Stored data entries:

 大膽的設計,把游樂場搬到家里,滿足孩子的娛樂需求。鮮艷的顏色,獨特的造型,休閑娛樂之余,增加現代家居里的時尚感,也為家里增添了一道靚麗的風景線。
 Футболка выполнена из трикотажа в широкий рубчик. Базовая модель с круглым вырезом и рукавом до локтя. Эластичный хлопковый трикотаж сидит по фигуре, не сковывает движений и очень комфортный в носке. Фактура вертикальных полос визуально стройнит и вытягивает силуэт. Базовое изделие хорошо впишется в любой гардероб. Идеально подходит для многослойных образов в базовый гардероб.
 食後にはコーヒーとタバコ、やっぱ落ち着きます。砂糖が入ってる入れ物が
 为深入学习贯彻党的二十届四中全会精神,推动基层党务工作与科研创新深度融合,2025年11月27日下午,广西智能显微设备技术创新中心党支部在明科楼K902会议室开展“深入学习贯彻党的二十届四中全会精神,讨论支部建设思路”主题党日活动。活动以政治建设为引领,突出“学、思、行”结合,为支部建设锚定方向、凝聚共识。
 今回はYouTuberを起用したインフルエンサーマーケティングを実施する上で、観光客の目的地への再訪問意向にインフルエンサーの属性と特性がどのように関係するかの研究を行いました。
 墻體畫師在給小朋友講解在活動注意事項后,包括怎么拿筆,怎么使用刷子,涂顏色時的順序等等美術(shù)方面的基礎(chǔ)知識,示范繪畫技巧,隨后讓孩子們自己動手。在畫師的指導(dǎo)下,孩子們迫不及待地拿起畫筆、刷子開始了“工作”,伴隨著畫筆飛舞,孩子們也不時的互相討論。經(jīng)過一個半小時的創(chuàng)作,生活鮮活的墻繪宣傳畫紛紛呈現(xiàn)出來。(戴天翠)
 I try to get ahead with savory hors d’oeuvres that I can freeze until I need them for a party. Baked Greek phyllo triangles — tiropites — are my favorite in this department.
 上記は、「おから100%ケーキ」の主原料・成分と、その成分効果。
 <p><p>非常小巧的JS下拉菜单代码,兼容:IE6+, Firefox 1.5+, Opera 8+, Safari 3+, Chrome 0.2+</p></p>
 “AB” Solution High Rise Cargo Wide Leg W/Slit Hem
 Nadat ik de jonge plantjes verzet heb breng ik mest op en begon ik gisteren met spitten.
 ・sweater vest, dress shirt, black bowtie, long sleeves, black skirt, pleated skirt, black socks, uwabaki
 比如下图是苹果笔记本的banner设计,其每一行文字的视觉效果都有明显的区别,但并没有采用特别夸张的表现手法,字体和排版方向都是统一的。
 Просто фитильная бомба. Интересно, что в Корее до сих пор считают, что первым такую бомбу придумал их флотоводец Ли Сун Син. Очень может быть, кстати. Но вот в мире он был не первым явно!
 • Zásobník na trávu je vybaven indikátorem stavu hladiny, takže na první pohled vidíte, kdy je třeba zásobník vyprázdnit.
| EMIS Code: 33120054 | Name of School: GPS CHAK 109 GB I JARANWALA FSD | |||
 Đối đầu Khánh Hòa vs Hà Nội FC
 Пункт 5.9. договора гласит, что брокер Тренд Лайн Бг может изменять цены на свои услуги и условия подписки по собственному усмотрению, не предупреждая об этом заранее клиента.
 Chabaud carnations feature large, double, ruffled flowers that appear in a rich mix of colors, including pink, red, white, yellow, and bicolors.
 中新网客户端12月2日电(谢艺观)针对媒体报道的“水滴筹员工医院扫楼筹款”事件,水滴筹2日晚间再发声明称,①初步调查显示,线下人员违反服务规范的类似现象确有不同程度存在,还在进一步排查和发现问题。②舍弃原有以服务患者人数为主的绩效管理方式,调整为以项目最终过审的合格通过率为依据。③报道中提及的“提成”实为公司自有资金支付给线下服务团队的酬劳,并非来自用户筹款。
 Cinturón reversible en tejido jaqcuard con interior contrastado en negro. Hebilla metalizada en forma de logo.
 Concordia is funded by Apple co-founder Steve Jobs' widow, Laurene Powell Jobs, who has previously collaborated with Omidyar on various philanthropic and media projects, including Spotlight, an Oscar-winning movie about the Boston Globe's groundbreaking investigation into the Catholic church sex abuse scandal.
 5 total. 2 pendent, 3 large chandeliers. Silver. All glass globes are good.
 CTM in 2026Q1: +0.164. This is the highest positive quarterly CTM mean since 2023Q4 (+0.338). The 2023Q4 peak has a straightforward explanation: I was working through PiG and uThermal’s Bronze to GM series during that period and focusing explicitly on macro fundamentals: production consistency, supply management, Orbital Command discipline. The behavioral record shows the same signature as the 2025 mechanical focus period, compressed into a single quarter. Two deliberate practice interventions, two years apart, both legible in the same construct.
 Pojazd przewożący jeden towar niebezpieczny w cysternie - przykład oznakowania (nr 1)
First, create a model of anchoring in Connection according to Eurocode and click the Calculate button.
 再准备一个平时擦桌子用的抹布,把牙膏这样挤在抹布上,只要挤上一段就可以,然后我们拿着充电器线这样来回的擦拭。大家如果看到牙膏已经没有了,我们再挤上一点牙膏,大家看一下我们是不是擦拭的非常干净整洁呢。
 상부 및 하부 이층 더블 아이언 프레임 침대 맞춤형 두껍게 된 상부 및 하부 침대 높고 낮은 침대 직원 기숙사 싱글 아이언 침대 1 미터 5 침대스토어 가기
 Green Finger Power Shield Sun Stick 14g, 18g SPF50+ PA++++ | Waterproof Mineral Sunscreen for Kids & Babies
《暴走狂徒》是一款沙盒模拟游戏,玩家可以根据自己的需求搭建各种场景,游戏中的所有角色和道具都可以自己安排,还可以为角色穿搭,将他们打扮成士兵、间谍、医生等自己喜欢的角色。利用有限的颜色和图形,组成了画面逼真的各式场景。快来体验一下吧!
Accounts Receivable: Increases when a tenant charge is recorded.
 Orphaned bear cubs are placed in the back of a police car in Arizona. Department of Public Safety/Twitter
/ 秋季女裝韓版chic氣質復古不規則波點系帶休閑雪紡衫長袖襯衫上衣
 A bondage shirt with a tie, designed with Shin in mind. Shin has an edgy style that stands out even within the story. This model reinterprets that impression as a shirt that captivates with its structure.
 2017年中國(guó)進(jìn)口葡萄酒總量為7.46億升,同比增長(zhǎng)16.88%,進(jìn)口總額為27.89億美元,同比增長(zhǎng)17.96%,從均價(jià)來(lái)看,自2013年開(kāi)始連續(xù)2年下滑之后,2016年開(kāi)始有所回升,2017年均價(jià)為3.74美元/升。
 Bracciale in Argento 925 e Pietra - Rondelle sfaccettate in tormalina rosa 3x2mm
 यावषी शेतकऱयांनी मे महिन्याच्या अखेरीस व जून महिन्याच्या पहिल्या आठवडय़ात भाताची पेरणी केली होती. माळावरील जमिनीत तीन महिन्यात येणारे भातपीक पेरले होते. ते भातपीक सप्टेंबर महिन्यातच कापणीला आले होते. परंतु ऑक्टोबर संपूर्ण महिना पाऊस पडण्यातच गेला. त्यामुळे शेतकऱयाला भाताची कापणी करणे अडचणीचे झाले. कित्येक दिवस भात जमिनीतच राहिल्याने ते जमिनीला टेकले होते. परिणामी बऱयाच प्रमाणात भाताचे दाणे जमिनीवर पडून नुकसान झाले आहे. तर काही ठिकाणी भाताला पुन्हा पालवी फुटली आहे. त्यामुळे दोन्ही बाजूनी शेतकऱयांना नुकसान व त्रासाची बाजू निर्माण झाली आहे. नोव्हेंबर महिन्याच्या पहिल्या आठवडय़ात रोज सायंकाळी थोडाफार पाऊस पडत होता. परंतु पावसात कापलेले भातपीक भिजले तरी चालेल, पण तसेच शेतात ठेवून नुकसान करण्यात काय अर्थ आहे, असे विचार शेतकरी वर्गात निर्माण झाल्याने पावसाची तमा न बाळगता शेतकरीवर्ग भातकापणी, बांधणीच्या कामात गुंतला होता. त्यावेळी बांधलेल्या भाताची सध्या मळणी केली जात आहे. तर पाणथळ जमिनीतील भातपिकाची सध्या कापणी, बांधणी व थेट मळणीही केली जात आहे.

- **ASSIGNED TASK**: How many of the lines above hold the word "large"? Answer with only the number.

- **SOLUTION TO THIS PROBLEM**: 2